Since the mid-1990s, changing perceptions of war and security have led to the ‘radicalisation of development’. Aid policy has shifted from humanitarian relief towards conflict resolution and societal reconstruction to avert future violence. What has triggered these changes? How has the nature of war changed since the end of the Cold War? Can the new development agenda deliver security in the face of ‘new wars’? This introductory chapter of the book “Global Governance and the New Wars” presents a critical reflection on the incorporation of war into development discourse. Northern policy-makers now focus on the security threat of underdevelopment in the South fomenting international instability through conflict, criminal activity and terrorism. The merging of the development and security agendas has led to a new political project, the ‘liberal peace’, which seeks to transform dysfunctional and war-affected societies into cooperative and stable entities.
Using a ‘systems’ approach, a new system of global governance is identified. The radical social transformation agenda is bringing together governments, NGOs, military establishments and private companies in networks of strategic governance relations that are increasingly privatised and militarised.
Other important findings are:
- The changing nature of North-South relations involves a shift from hierarchical and territorial relations of government to polyarchical, non-territorial and networked relations of governance.
- Changes in international trade during the last few decades have increased Southern exclusion from formal trade, leading to an expansion of parallel and shadow trans-border trade.
- The ‘new wars’ witnessed since the end of the Cold War involve networks of state actors, social groups, diasporas and strongmen, and have created ‘innovative’ forms of protectionism, legitimacy and entitlements to wealth.
- In both liberal peace and the new wars, traditional distinctions between people, army and government have been blurred, and new ways of projecting power have emerged.
- Interactions between the strategic complexes of liberal peace and the new wars have involved accommodation and complicity, for example where relief interventions have encouraged famine or fuelled conflict.

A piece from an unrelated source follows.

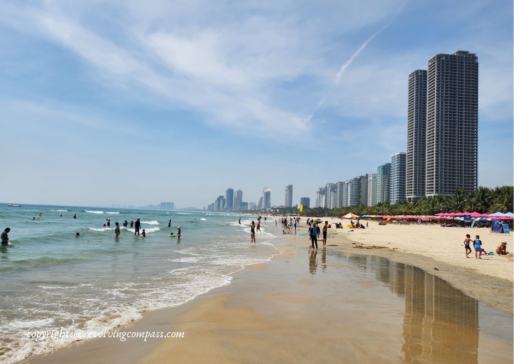 Finally on the fourth day of our 4 days Da Nang trip itinerary, we explored Da Nang. Most of our time today we spent on the My Khe Beach. The beach has one of the softest sands and clear shallow waters which are perfect for swimming. The beachside is dotted with day beds available at a nominal cost for the day. Along with changing rooms and shower areas. Which makes visiting the beach a breeze.

The author makes the following conclusions:
- It is questionable whether the increasingly privatised and regionally divided strategic complexes of liberal governance will be able to promote security that is socially and geographically inclusive.
- Increased attention is therefore needed in academic and policy circles to understanding the new development-security terrain.
- To understand the organisational dynamics involved, it is useful to use a systems approach, which focuses on interconnections, processes and self-transformation.